Сочетание моих рук в пене и мыслей о том, должен был я уже трахнуть Николь к этому времени или нет, о том, как давно я вообще не разряжался, что ж… иногда что-то начинает происходить еще до того, как ты это сам осознаешь.

Папа всегда говорил, что передернуть самому – это для лузеров, которые не могут заполучить девчонку, чтобы сделала это за них. Я не передергивал себе… черт… очень давно. Может, с тех пор, как мне было пятнадцать. Если бы я хорошенько об этом подумал, то смог бы сказать точную дату, но я был больше заинтересован в своей растущей эрекции и мыслях о Румпель.

Может, «спустить» пару раз не было такой уж плохой идеей.

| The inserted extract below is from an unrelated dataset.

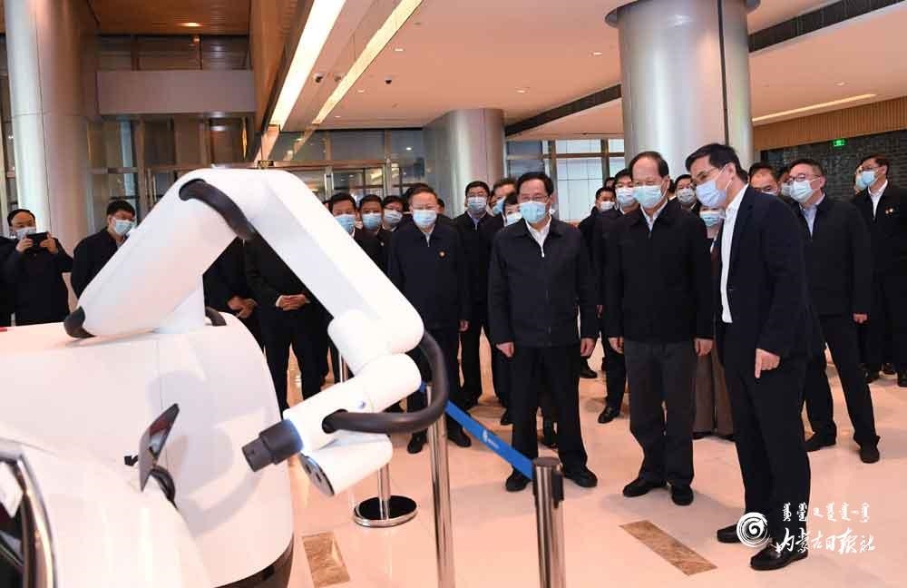 4月19日,自治區(qū)黨委書記、人大常委會主任石泰峰率內(nèi)蒙古黨政考察團在遠景科技集團學(xué)習(xí)考察。內(nèi)蒙古日報社融媒體記者 袁永紅 攝

Я закрыл глаза и обхватил рукой член.

Я представил, как она пробирается в ванную и открывает дверцу душевой. Ее рука тянется и обнимает меня за пояс, а пальцы обхватывают мой пенис. Она ласкает меня сначала медленно – перенося мыло с моего тела на мой ствол, отчего он становится гладким и скользким. Ее пальцы чуть усиливают захват, скользя вдоль моего члена вверх, а затем вниз. Другой рукой она пробегает по моим яйцам, нежно поигрывая с ними, пока прижимается своим телом к моей спине. Я чувствую ее соски на своей коже.

Я уперся раскрытой ладонью в стену душевой и прислонился к ней, прижимаясь всем весом к прохладной плитке, в то время как вторая начала работать чуть быстрее. Мысли пустились вскачь.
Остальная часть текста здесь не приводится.